Recently I've been revisiting James W. Loewen's, Lies Across America, What Our Historic Sites Get Wrong (introduction here), and I'm reminded of what an entertaining read it is, though the author gets a little too strident at times for the mostly repressed Norwegian bachelor farmer part of my sensibilities, which wants to acknowledge historic lies without embarrassing anyone I know. But it's an engaging book (like the author's earlier, Lies My Teacher Told Me -- see intro here), and as you might imagine, the Civil War period is well represented.
Of course we all know instinctively that America's monuments and roadside markers, like the history books of our youth, are, often as not, studies in myth-making and local boosterism. And for some groups, it was a grand cause. The Masons may have managed to put up the only statue of a Confederate general officer in Washington D.C., but they got it in under the radar by steering clear of The Late Unpleasantness connection. Only the United Daughters of the Confederacy managed to honor the Confederate dead of a place from which no living Confederates originated. Beat that, Masons!
According to Loewen, "by 1916, this [Helena] monument declares implicitly that the Confederacy was somehow patriotic and that whites agreed, even this far north, to honor it nostalgically. Thus this monument also reflects the time when it was erected — the nadir of race relations in the United States, from 1890 to 1920, when segregation gripped the nation and lynchings reached their peak. Most Confederate monuments went up during these years" (103).
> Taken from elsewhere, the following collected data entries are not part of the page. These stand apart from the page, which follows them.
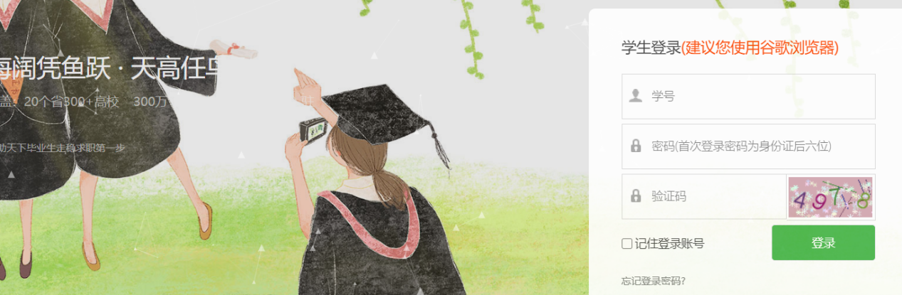 1.登录在线买世界杯平台就业网(http://cslg.bibibi.net/index)点击“学生登录”,输入账号密码(账号为学号、首次登录时密码为身份证后六位)进行登录。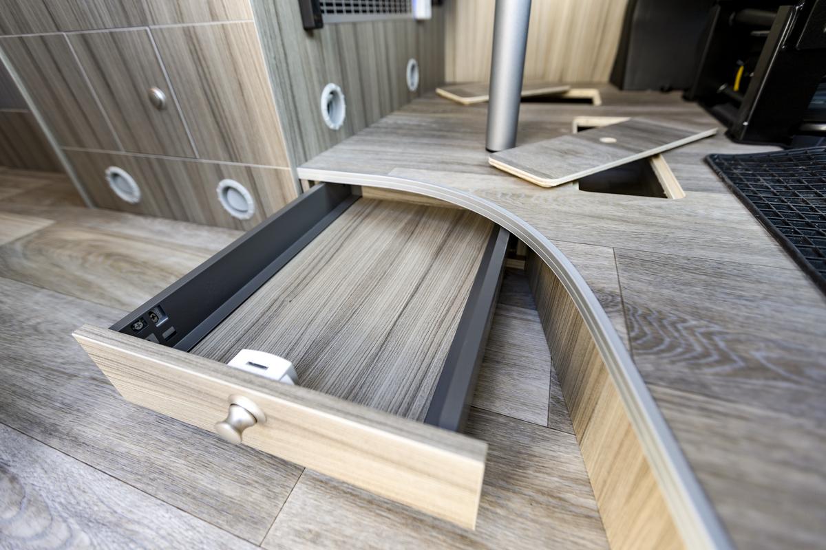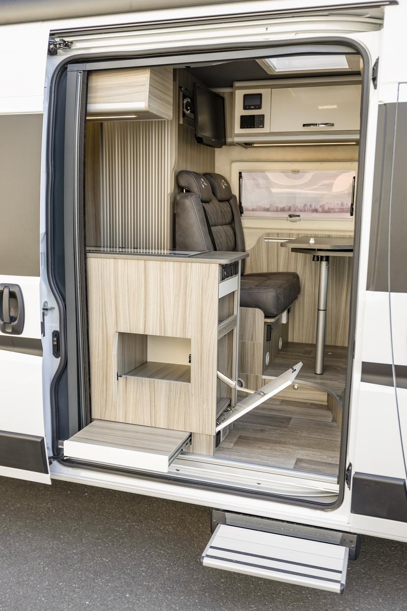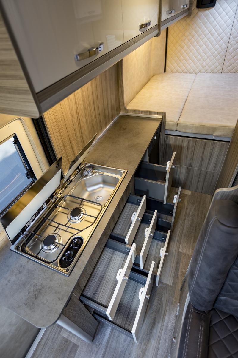 Dvojhoráková varná doska s piezo-zapaľovaním a krytom z tvrdeného skla, výsuv pracovnej plochy, zásuvky s plnovýsuvom, dve dodatočné skrinky s výsuvmi, integrovaný odpadkový priestor (prístupný zvonka aj zvnútra), kompresorová chladnička s mrazničkou (v originále Thetford / Dometic).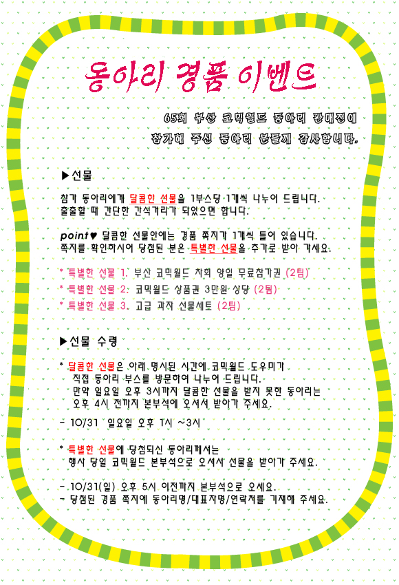 목록 65회 부산 코믹월드 - 참가 동아리 경품 이벤트(10월) 페이지 정보 작성자 코믹월드 댓글 0건 조회 2,612회 작성일 10.10.11 본문 65회 부산 코믹월드 - 참가 동아리 경품 이벤트(10월) 행사정보 코믹월드 문구전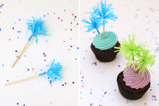 Para la segunda opción haremos unos toppers muy divertidos, inspirados en fuegos artificiales. En este caso usé papel volantín.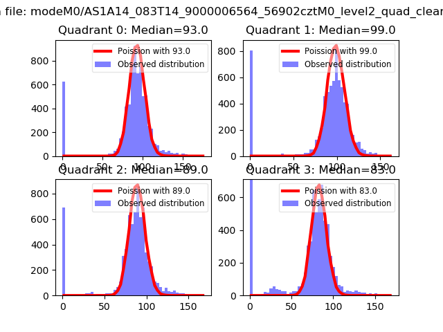 Red curve is a Poisson curve with rate = median count rate of data. |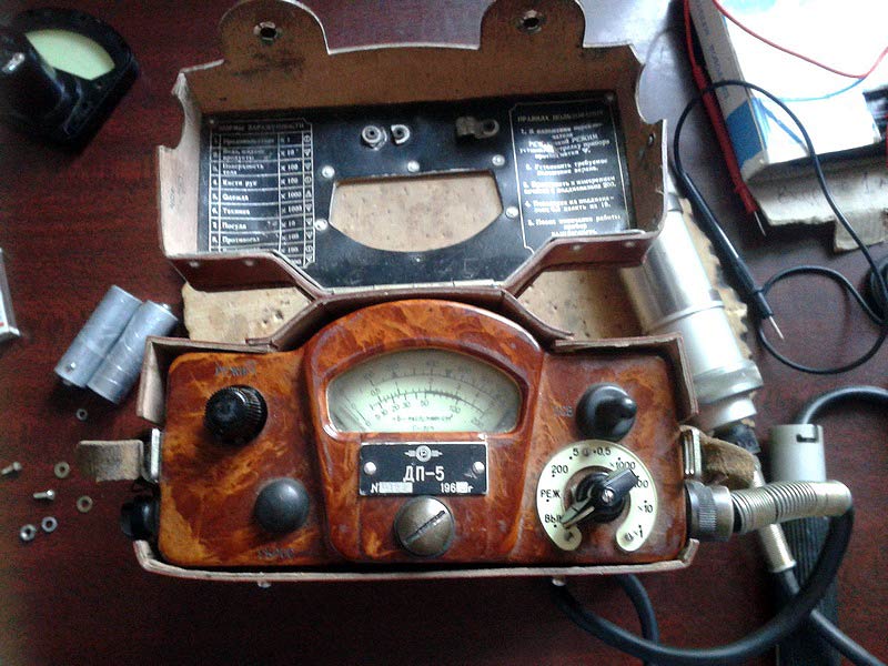 Полевой радиометр-рентгенметр *ДП-5* (ПРР-1) выпускался предположительно с 1963 года. Предназначен для обнаружения и количественного определения бета-заражённости поверхности различных предметов, а также для обнаружения и измерения уровней гамма-радиации. Прибор имеет семь поддиапазонов измерений: 1-й поддиапазон от 5 до 200 Р/ч. 2-й от 0,5 до 5 Р/ч. 3-й от 0,05 до 0,5 Р/ч. 4-й от 100000 до 1000000 расп/мин. см2. 5-й от 10000 до 100000 расп/мин. см2. 6-й от 1000 до 10000 расп/мин. см2. 7-й от 100 до 1000 расп/мин. см2. В интернете прибор описан во всех подробностях. Фотографии прибора с сайта: http://forum.rhbz.org/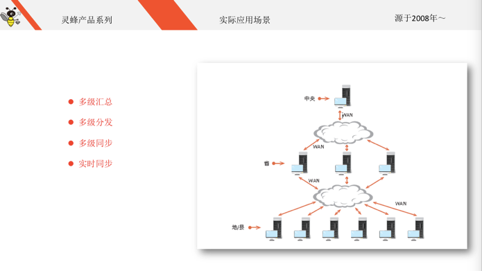 在数据实时同步中涉及多级汇总、多级分发、多级同步、实时同步、双向同步

As an aside, these incongruous images caused me to think again of Richard Brautigan's, A Confederate General from Big Sur, a novel I read in high school in Iowa, when both the Confederacy and Big Sur were fictional, far off places. I found a cheap ex libris copy online, and am curious to read it again, particularly since those fictional places have become regular haunts in my life. I sure hope my (embryonic) Great California Novel gets a better review.